TRY IT » When you reach the line with "お昼前、お店の前に来てみると、老練なご主人が、小籠包作りの真っ最中。" in the records below, begin transcribing exactly and continue up to and including the line with "LAH3701 Assignment 1", leaving out every picture.

━━ EXTRACTED INFORMATION ━━

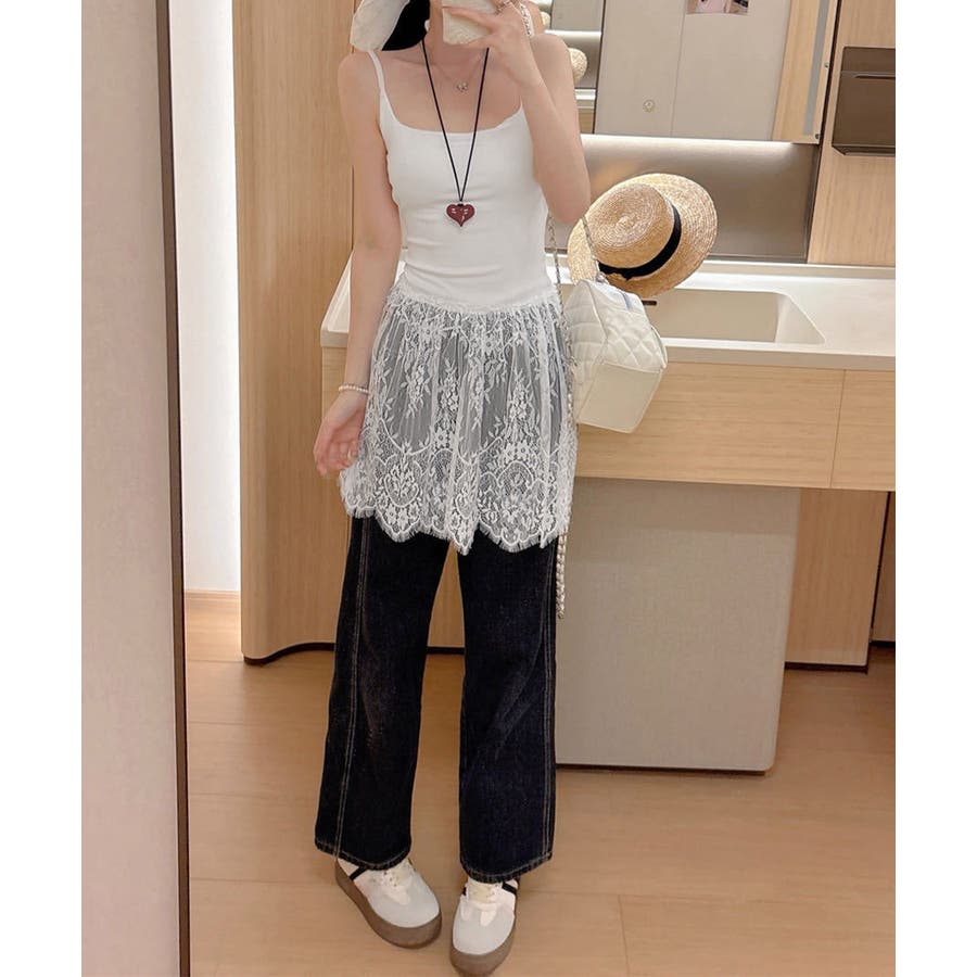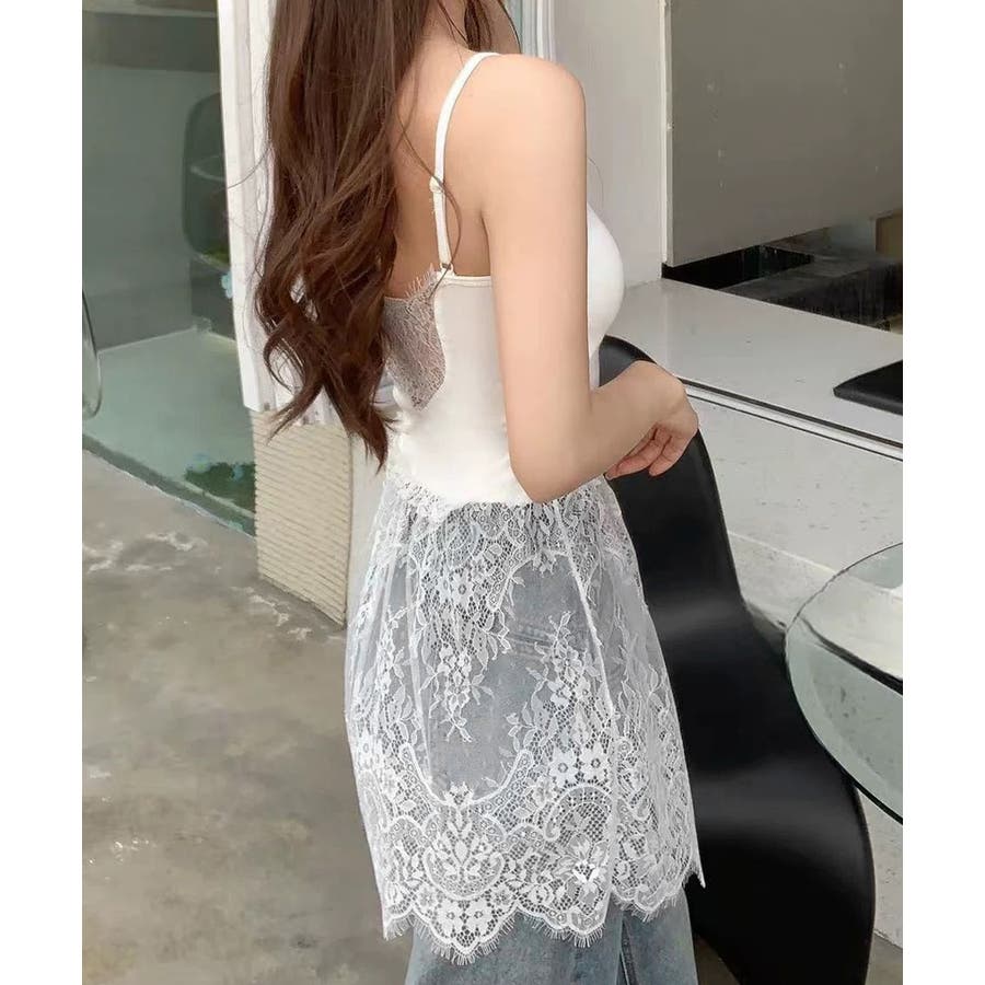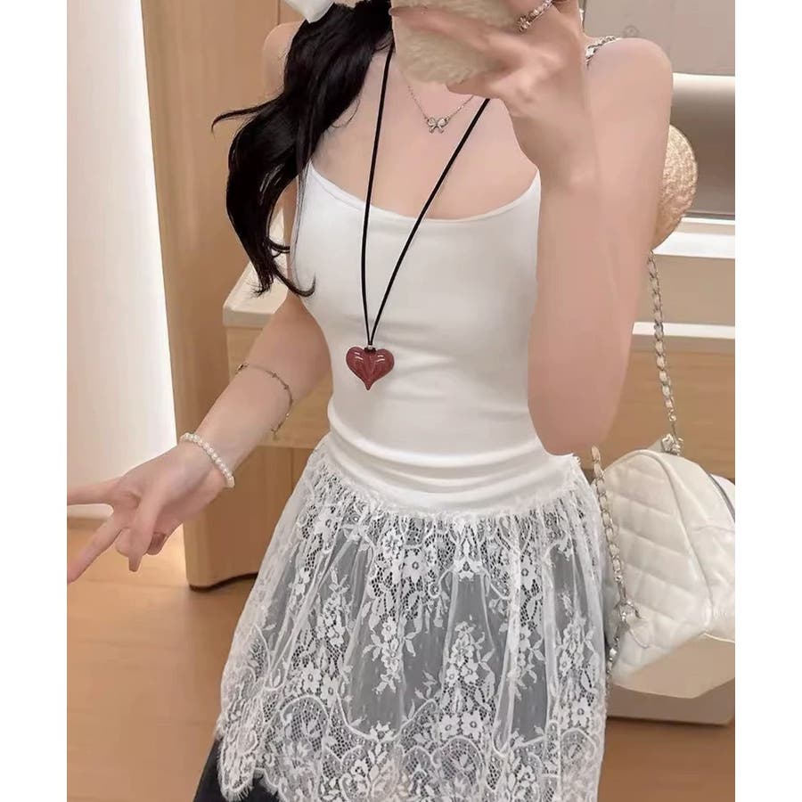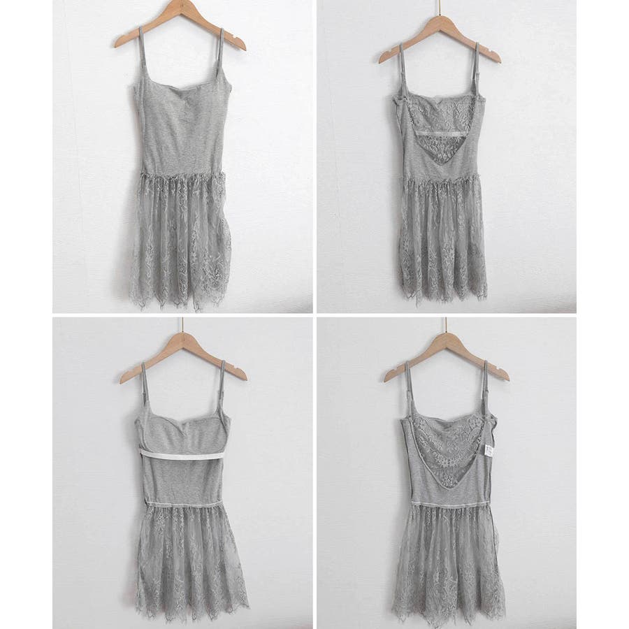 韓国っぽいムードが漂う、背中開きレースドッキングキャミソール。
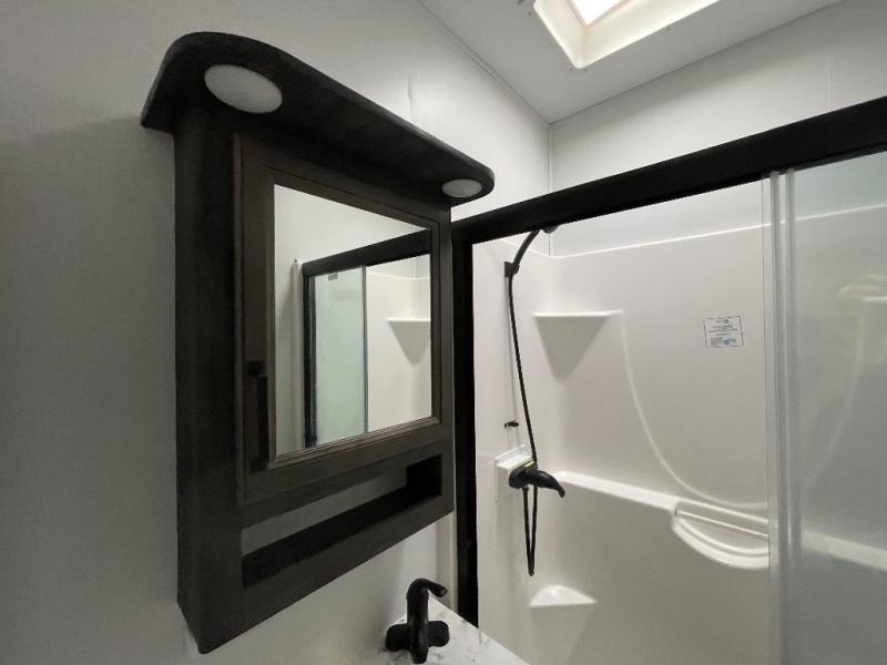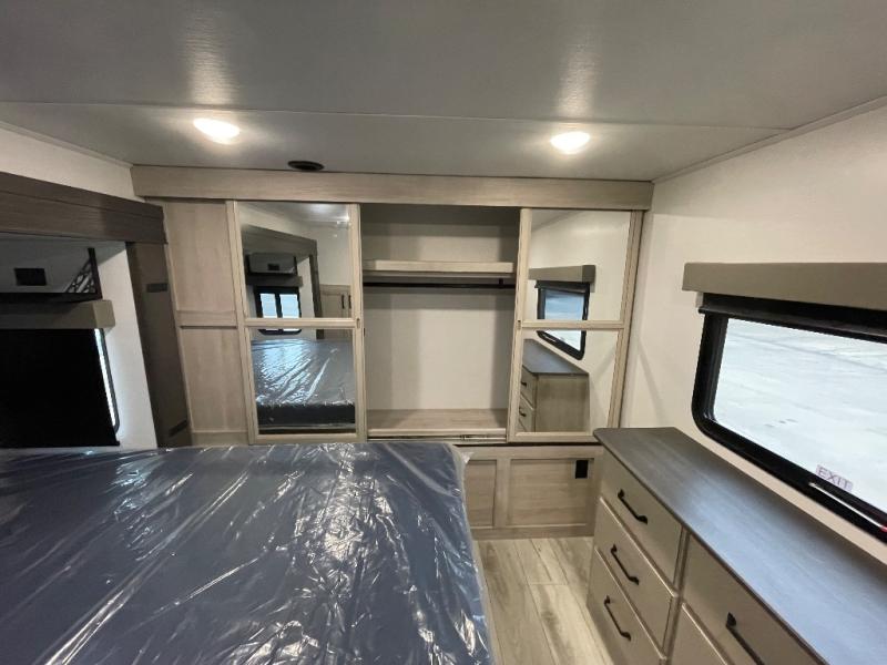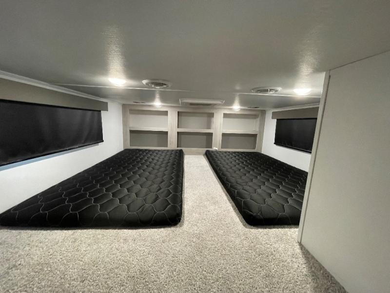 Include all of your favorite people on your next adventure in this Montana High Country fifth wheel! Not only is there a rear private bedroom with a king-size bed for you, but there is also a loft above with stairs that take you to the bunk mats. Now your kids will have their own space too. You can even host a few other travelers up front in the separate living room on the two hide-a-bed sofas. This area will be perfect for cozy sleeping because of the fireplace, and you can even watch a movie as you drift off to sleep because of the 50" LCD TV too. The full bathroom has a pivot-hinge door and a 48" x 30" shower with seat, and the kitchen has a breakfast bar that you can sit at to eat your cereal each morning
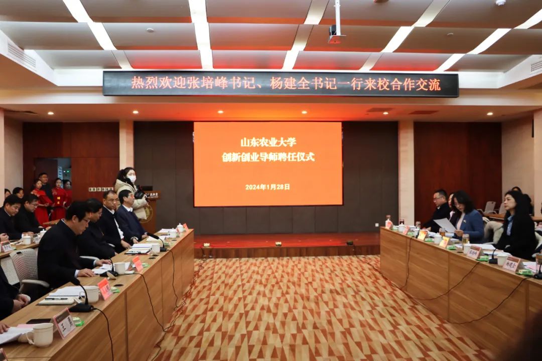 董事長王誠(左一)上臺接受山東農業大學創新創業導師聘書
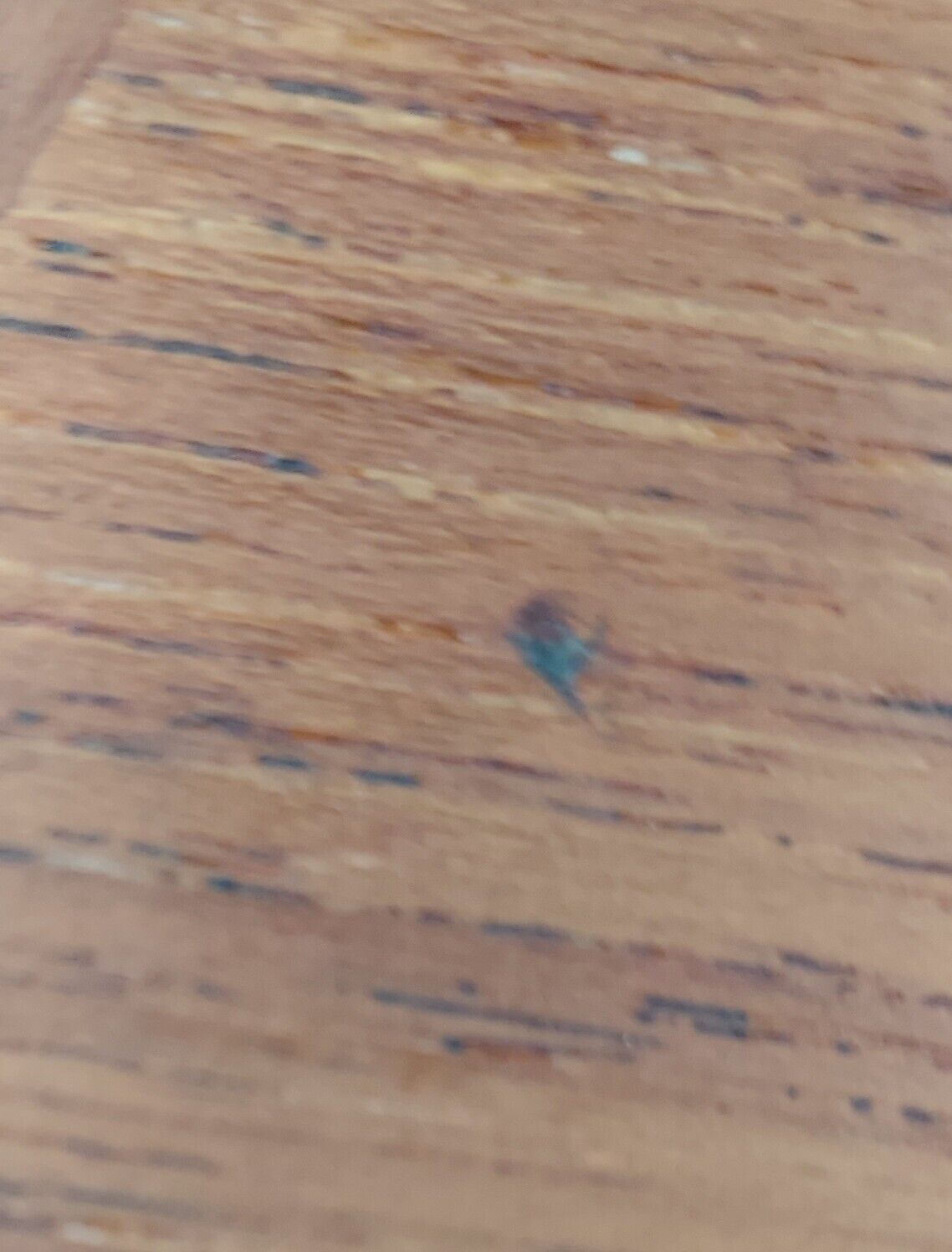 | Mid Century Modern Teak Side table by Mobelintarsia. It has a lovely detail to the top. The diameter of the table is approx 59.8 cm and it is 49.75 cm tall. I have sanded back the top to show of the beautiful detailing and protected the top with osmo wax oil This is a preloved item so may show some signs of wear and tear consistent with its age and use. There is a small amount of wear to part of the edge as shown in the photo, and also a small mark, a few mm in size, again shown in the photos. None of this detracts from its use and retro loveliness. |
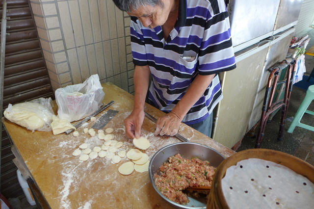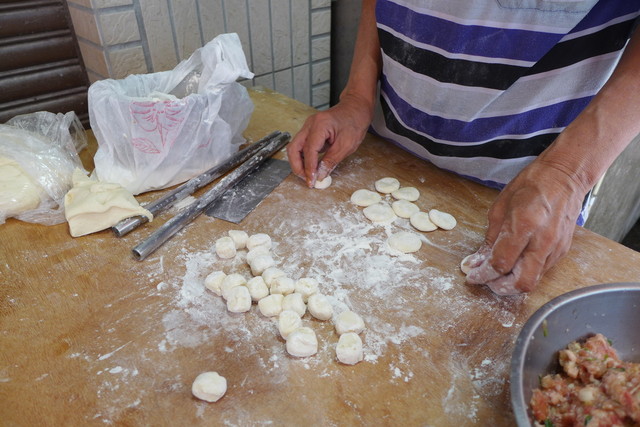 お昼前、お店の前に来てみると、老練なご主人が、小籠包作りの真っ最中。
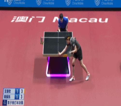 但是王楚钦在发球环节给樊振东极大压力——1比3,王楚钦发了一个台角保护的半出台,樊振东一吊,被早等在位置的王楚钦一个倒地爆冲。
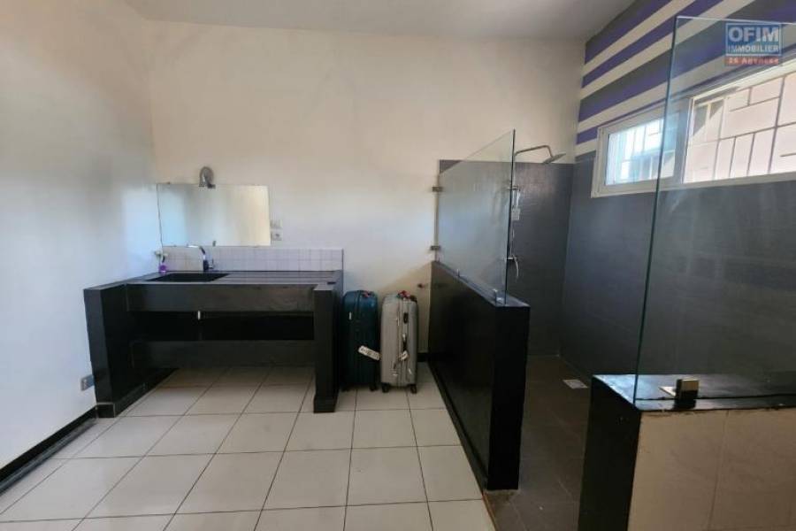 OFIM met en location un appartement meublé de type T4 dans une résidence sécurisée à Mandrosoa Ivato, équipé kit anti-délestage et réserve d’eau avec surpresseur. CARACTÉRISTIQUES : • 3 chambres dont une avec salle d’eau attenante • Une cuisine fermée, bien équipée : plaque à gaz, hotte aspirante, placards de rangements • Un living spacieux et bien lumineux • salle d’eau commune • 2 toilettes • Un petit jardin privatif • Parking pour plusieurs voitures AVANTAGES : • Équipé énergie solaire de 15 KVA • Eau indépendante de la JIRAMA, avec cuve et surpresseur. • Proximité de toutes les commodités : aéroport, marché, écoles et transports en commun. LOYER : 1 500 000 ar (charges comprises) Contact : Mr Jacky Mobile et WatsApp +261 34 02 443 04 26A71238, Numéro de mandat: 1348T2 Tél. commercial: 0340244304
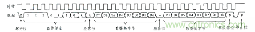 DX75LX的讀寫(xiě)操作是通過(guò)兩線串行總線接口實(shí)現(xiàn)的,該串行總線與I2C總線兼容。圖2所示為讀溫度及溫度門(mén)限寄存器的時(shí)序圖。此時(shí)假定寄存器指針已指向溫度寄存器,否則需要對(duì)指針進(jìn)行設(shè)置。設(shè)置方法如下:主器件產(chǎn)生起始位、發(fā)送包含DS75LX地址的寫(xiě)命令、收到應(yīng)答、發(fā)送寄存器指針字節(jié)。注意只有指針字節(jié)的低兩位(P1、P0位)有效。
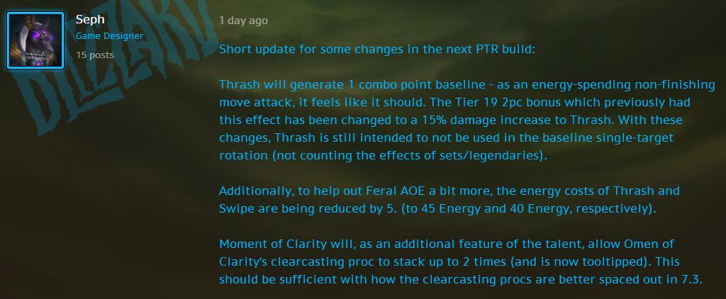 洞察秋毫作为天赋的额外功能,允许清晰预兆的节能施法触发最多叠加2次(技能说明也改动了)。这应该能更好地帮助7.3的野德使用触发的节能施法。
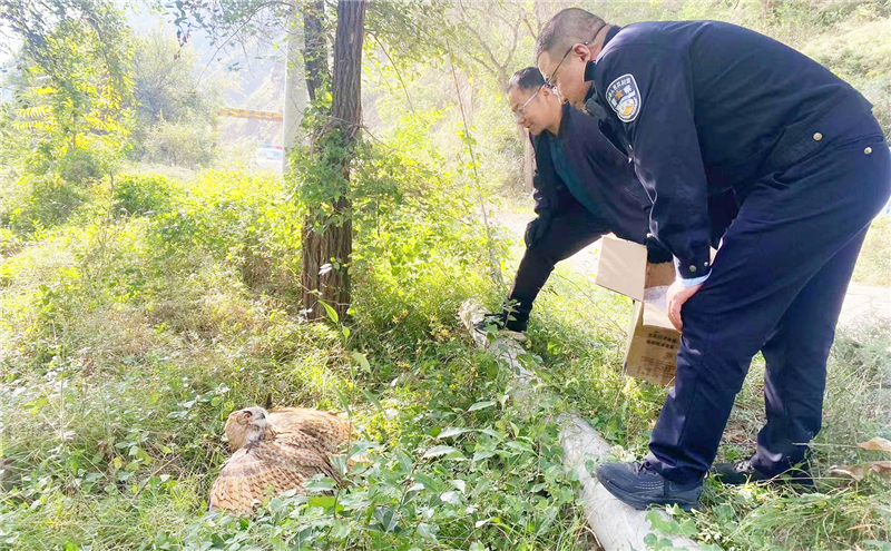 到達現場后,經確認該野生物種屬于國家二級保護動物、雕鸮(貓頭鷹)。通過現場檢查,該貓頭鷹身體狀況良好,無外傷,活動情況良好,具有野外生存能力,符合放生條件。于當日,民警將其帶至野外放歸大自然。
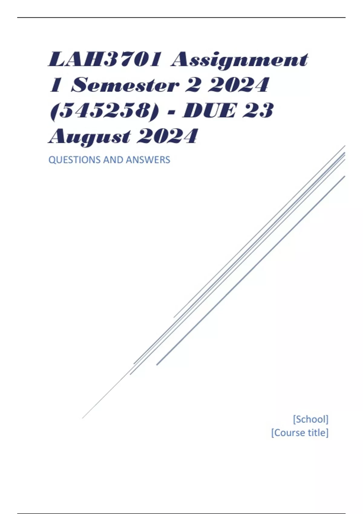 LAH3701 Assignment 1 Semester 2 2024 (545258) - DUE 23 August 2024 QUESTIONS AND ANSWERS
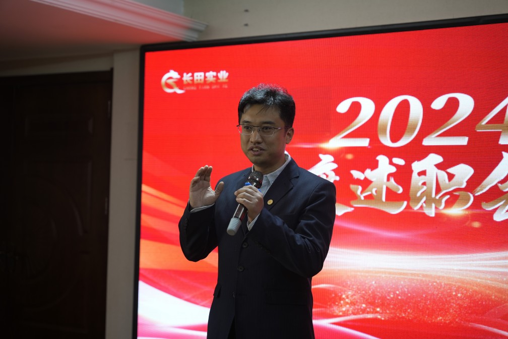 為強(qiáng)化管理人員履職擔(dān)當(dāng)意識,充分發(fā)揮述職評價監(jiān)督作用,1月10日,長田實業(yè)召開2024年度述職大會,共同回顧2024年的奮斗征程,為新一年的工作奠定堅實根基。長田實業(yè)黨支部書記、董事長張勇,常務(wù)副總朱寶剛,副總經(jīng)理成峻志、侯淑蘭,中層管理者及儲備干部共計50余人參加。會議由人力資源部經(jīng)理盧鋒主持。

━━━

RESPONSE AREA »
 お昼前、お店の前に来てみると、老練なご主人が、小籠包作りの真っ最中。
 但是王楚钦在发球环节给樊振东极大压力——1比3,王楚钦发了一个台角保护的半出台,樊振东一吊,被早等在位置的王楚钦一个倒地爆冲。
 OFIM met en location un appartement meublé de type T4 dans une résidence sécurisée à Mandrosoa Ivato, équipé kit anti-délestage et réserve d’eau avec surpresseur. CARACTÉRISTIQUES : • 3 chambres dont une avec salle d’eau attenante • Une cuisine fermée, bien équipée : plaque à gaz, hotte aspirante, placards de rangements • Un living spacieux et bien lumineux • salle d’eau commune • 2 toilettes • Un petit jardin privatif • Parking pour plusieurs voitures AVANTAGES : • Équipé énergie solaire de 15 KVA • Eau indépendante de la JIRAMA, avec cuve et surpresseur. • Proximité de toutes les commodités : aéroport, marché, écoles et transports en commun. LOYER : 1 500 000 ar (charges comprises) Contact : Mr Jacky Mobile et WatsApp +261 34 02 443 04 26A71238, Numéro de mandat: 1348T2 Tél. commercial: 0340244304
 DX75LX的讀寫(xiě)操作是通過(guò)兩線串行總線接口實(shí)現(xiàn)的,該串行總線與I2C總線兼容。圖2所示為讀溫度及溫度門(mén)限寄存器的時(shí)序圖。此時(shí)假定寄存器指針已指向溫度寄存器,否則需要對(duì)指針進(jìn)行設(shè)置。設(shè)置方法如下:主器件產(chǎn)生起始位、發(fā)送包含DS75LX地址的寫(xiě)命令、收到應(yīng)答、發(fā)送寄存器指針字節(jié)。注意只有指針字節(jié)的低兩位(P1、P0位)有效。
 洞察秋毫作为天赋的额外功能,允许清晰预兆的节能施法触发最多叠加2次(技能说明也改动了)。这应该能更好地帮助7.3的野德使用触发的节能施法。
 到達現場后,經確認該野生物種屬于國家二級保護動物、雕鸮(貓頭鷹)。通過現場檢查,該貓頭鷹身體狀況良好,無外傷,活動情況良好,具有野外生存能力,符合放生條件。于當日,民警將其帶至野外放歸大自然。
 LAH3701 Assignment 1 Semester 2 2024 (545258) - DUE 23 August 2024 QUESTIONS AND ANSWERS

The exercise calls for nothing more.